◆ **Records shown**
────────────────
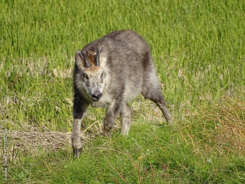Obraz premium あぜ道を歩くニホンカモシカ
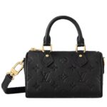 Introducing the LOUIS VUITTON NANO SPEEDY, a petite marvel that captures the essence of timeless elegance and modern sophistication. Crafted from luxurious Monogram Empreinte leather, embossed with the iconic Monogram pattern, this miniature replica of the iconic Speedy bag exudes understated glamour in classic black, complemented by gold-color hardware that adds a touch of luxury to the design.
────────────────
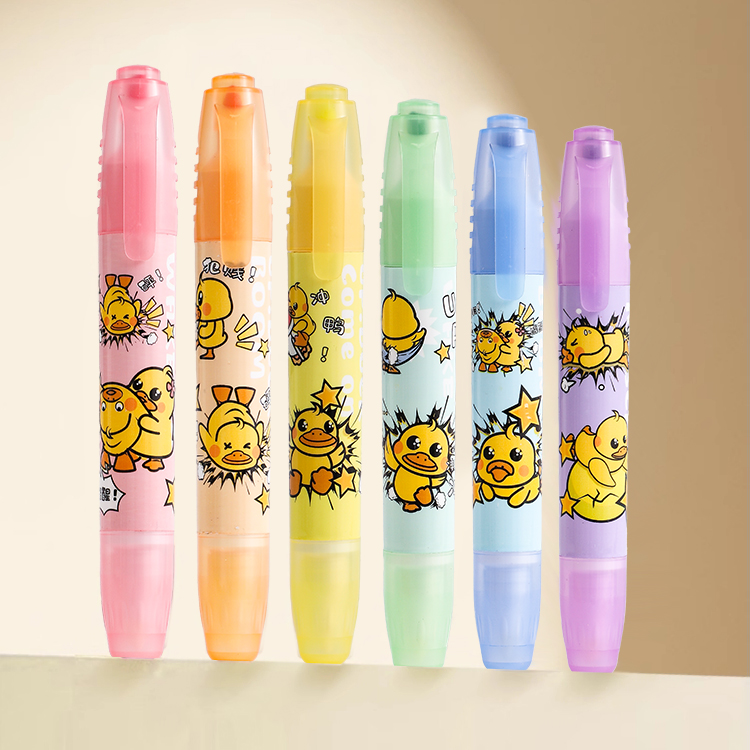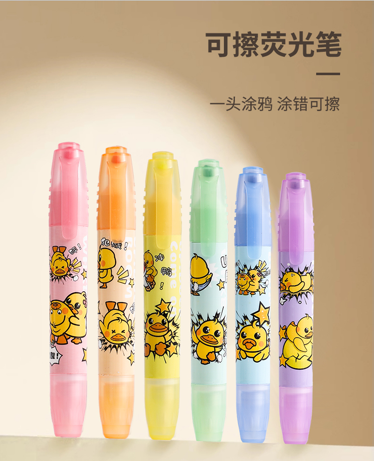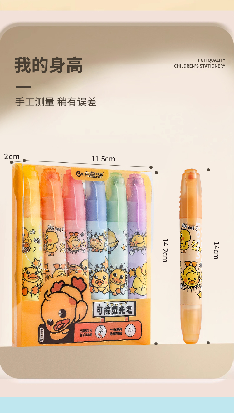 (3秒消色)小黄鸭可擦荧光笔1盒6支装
────────────────
◆ **What is being asked**
Go to the line above holding "Obraz premium あぜ道を歩くニホンカモシカ", then copy exactly each line down to and including the one holding "Introducing the LOUIS", leaving pictures out.

◆ **Task solution**
Obraz premium あぜ道を歩くニホンカモシカ
 Introducing the LOUIS VUITTON NANO SPEEDY, a petite marvel that captures the essence of timeless elegance and modern sophistication. Crafted from luxurious Monogram Empreinte leather, embossed with the iconic Monogram pattern, this miniature replica of the iconic Speedy bag exudes understated glamour in classic black, complemented by gold-color hardware that adds a touch of luxury to the design.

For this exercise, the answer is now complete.